Kemei ventured into agriculture in 2015 on his  six-acre land is producing more than 200 bags of spinach every year while at the same time making a good chunk of money from his dairy farming.

Paul Kemei at his home in Katet Village, Kipkelion, Kericho County. INSET: Kemei tends to his farm. Photo/PD/ERICSON KIPRONO

“I started planting vegetable on two acres but now I have more than six. I’m also a dairy farmer since 2017 and I am hoping by December this year to have 20 cows because I have started building new facilities to accommodate more cows in future,” he told People Sport at his farm.

Proper housing and fodder are important to animals just as they are to humans, the farmer explains, pointing out that the two are vital in maximising a cow’s productivity.

“A cow’s shelter should ensure easy movement, should also be sizeable and stress free,” Kemei says, adding the shelter should also be covered from external weather conditions such as rains, wind and direct sunlight.

“Insufficient supply of fodder is the cause of reduced milk production in most farms especially during droughts,” He notes.

He has stocked more than 10,000 bales of hay. He says the animals also require a constant supply of clean water.

Kemei said that When a farmer buys a dairy cow with no genetic history it is known as foundation stock.

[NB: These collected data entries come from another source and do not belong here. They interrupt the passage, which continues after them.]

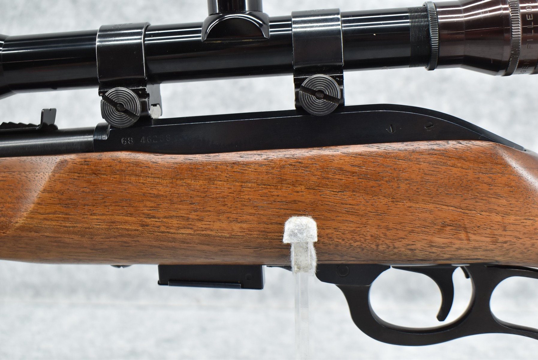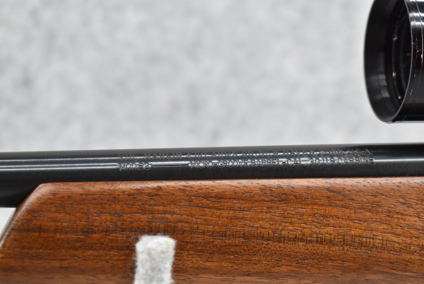 214R. Marlin – Mod. 62 Levermatic – 30 US (30 Carbine) Cal. Lever Action Rifle – w/19.5” Barrel w/Hooded Front & Adj. Rear Sights – Blued Finish – w/Pistol Grip Capped Wood Stock w/Factory Butt Plate – w/Marlin 700 6×40 “S Plus X” Scope – w/Weaver Base – Mfg. 1963-69
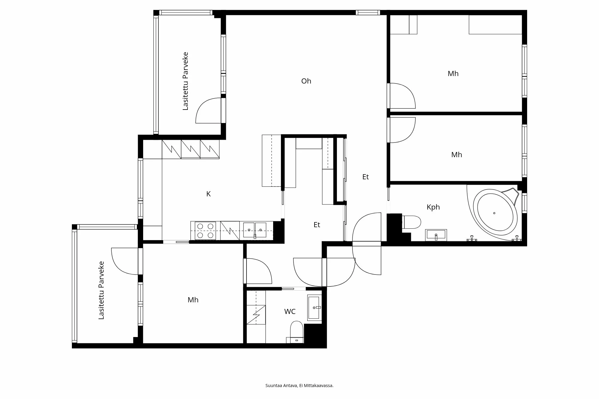Huoneluku: 4h+k+kph+vh+ erillinen wc/khh +2 x parveke + autokatos
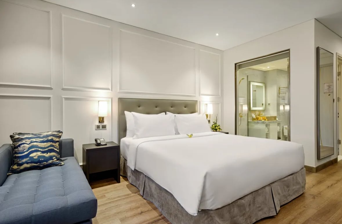 A calm and comfortable studio in Da Nang with rooftop infinity pool access and essential amenities for daily living. This privately managed 37 m² studio is located on a high floor of the Golden Bay / Wyndham complex in Son Tra. Bright and well maintained, it suits both short and long stays. The apartment includes a king-size bed, private bathroom, strong Wi-Fi, air conditioning, and a private balcony — a quiet, practical alternative to a hotel, ideal for long-term and monthly stays.
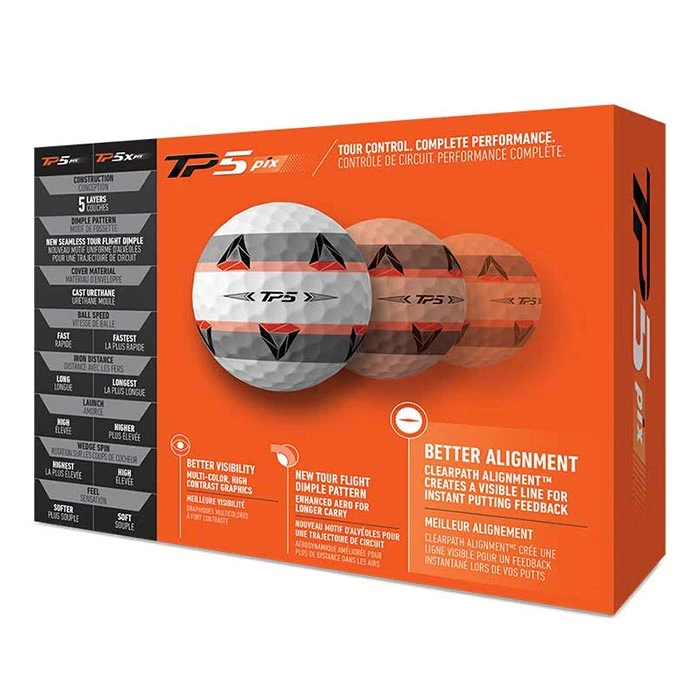 | TP5 pix | 5 LAYERS | NEW SEAMLESS TOUR FLIGHT DIMPLE | SOFT-TOUGH CAST URETHANE | FASTER | LONG | HIGH | HIGHEST | SOFTER |

Therefore to get the desirable qualities of a productive cow, the foundation is inseminated with hybrid semen, and the result is an intermediary stock.

The intermediary stock is also inseminated with hybrid semen to produce an appendix stock which when inseminated with hybrid semen produces a pedigree cow.

The pedigree cow, according to animal experts, is a heavy feeder, but a good producer with high adaptive capabilities.

The farm now has 10 lactating dairy cows which give him 100 litres a day which he supplies to restaurants in Kericho and Londiani.

“A farmer must look for the animal’s records. The records also helps a farmer to know the character and productivity of the animal he’s buying,” notes the farmer who now employees six workers.